We also observed that the proposed pre-processing techniques (noise reduction, contrast enhancement) improved the accuracy of the subsequent segmentation step compared to the case when the raw input image is fed into the neural network. In the future, we hope to investigate more image enhancement algorithms to see if further improvements can be made. Moreover, with the rapid development of segmentation neural networks, we believe that architectures more efficient than the current ones may appear within a few years, which should be examined for cystoscopy.

We consider the greatest advantages of our solution to be the advanced and configurable image enhancement framework as well as the possibility of segmenting multiple types of bladder lesions. Disadvantages include the scaling of the input images to a fixed size of 160 × 160 pixels as well as the fact that it is not possible to know in advance what settings should be used for the pre-processing of the individual image frames in order to achieve the best possible segmentation accuracy.

5. Conclusions

In this paper, we examined a deep learning-based solution for the automatic segmentation of cystoscopy images. As a pre-processing, noise was reduced by guided filtering, and contrast enhancement was performed by unsharp masking. Then, the image was fed into a CNN that predicted a high-accuracy segmentation map, marking bladder cancer, two types of non-cancerous lesions, and four types of healthy tissue. This map was post-processed to find the boundary polygons and overlay the input image with their outlines, assisting doctors in cancer diagnosis and treatment.

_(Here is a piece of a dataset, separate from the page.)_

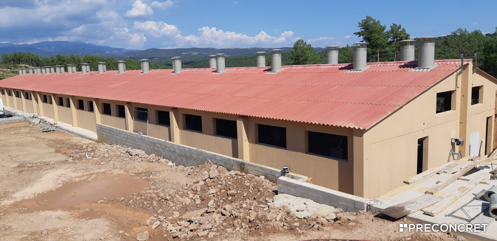 Nave ganadera de 42,00 + 3,00 + 42,00 metros de largo x 14,00 ancho x 3,20 alto. Panel de 20 cm.

We examined eight popular neural network architectures for the task at hand, and we found that the PAN model achieves the best results with a mean Dice score of 92.91% and a malignant F-score of 91%. The small model size and the few millisecond prediction time of the neural network allow the solution to be applied in real time on video streams during the transurethral resection of bladder tumors.